Bibendum 2014: Former EU President says Toyota could lose 100,000 euros per hydrogen FCV sedan
Thu, Nov 13 2014Pat Cox does not work for Toyota and we don't think he has any secret inside information. Still, he's the former President of the European Parliament and the current high level coordinator for TransEuropean Network, so when he says Toyota is likely going to lose between 50,000 and 100,000 euros ($66,000 and $133,000) on each of the hydrogen-powered FCV sedans it will sell next year, it's worth noting. That was just one highlight of Cox's presentation at the 2014 Michelin Challenge Bibendum in Chengdu, China today, which addressed the main problem of using more H2 in transportation: cost.
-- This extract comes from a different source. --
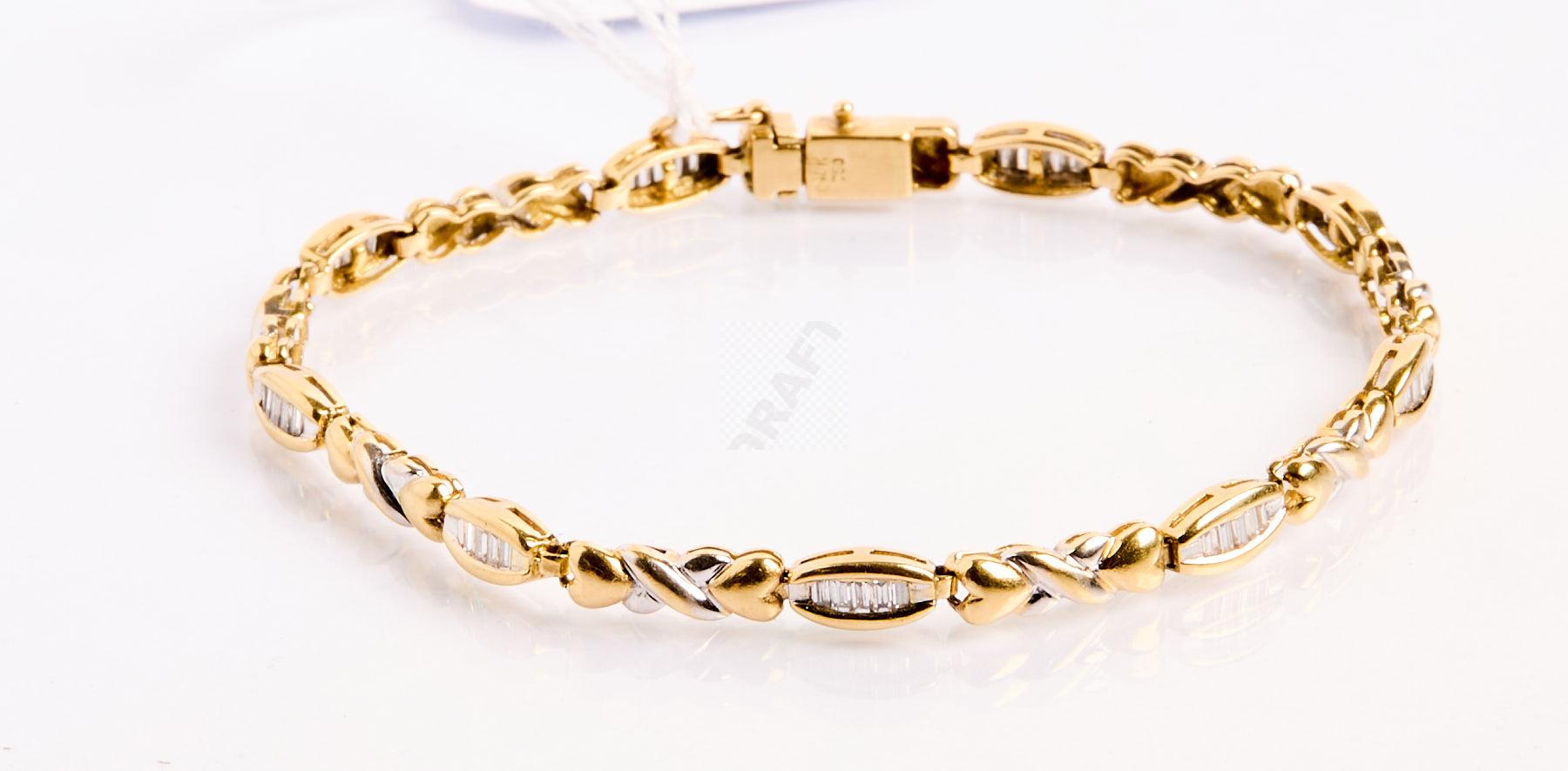 Lot n°73 - 73 Bracelet en or jaune et gris 750 ‰, mailles nouées et petits diamants baguett

The EU has a tremendous incentive to find an alternative to fossil fuels, since Europe today is 94 percent dependent on oil for its transportation sector and 84 percent of that 94 percent dependency is imported oil. The tab for that costs the EU a billion euros a day, Cox said, on top of the environmental costs. To encourage a shift away from petroleum, European Directive 2014/94 requires each member state to develop national policy frameworks for the market development of alternative fuels and their infrastructure. For the member states that choose to fulfill 2014/94 by developing a hydrogen market – and to be clear, Cox said, it's not an EU diktat that they do so, since a number of other alternatives are also allowed – the aim is to have things in place by the end of 2025. The plans don't even have to be submitted until the end of 2016. The long lead time is due to a quirk in a hydrogen economy. In hydrogen infrastructure, "the first-mover cost is not the first-mover advantage, but the firstmover disadvantage." – Pat Cox In deploying a hydrogen infrastructure, Cox said, "the first-mover cost is not the first-mover advantage, but the first-mover disadvantage, and high risk." That's why the EU and member states will financially support the early stages, but everyone agrees that "if this is to work, it will have to be ultimately and essentially a commercially viable and commercially driven infrastructure roll-out." Since 1986, European Union research programs have spent 550 million euros on hydrogen-related and fuel-cell-related research, including methods of hydrogen storage and distribution as well as improved fuel cells vehicles, Cox said. Expensive problems remain to be solved. At a conference in Berlin, Germany this past summer, Cox said, the unit cost of the refueling stations was identified as the main problem.